Understanding and managing log archival maintenance in RSA Authentication Manager 8.x
Originally Published: 2018-08-15
Article Number
Applies To
RSA Product/Service Type: Authentication Manager
RSA Version/Condition: 8.x
Issue
Authentication Manager 8.x has an internal PostgreSQL (pgSQL) database that includes data on;
- Users
- Internal database users with complete information; e. g., UserID and email address, or
- A pointer to the UserID (samAccountName, UPN) in an external LDAP identity source, such as Active Directory.
- Agents and RADIUS clients,
- Tokens, and
- Log data information for authentication activity, administrative activity and system errors.
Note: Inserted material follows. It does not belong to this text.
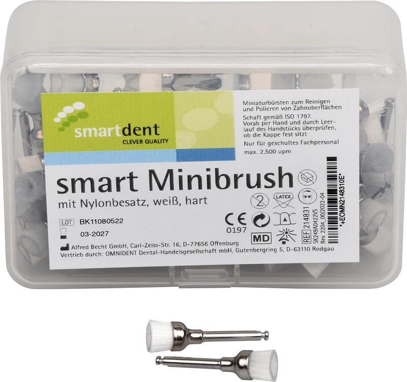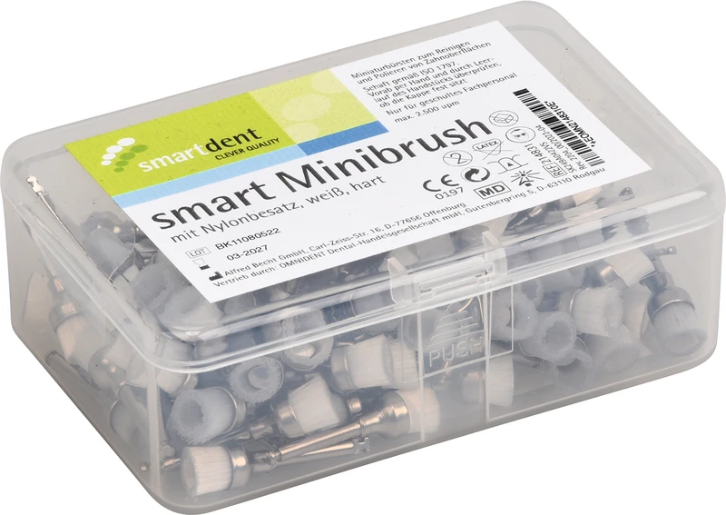 Die smart Minibrush mit Nylonborsten sind Prophylaxebürsten für die Reinigung und Politur von Zahnoberflächen. Mit Winkelstückschaft. Maximale Umdrehung 2.500 Upm.

This information can be viewed through reports generated in the Security Console. However, log data for authentication activity, administrative activity and system errors will ,over time, make the internal database grow larger and larger; which will make report generation take longer and longer. This could potentially expand the database to fill the disk drive with catastrophic results, such as crashing the authentication system.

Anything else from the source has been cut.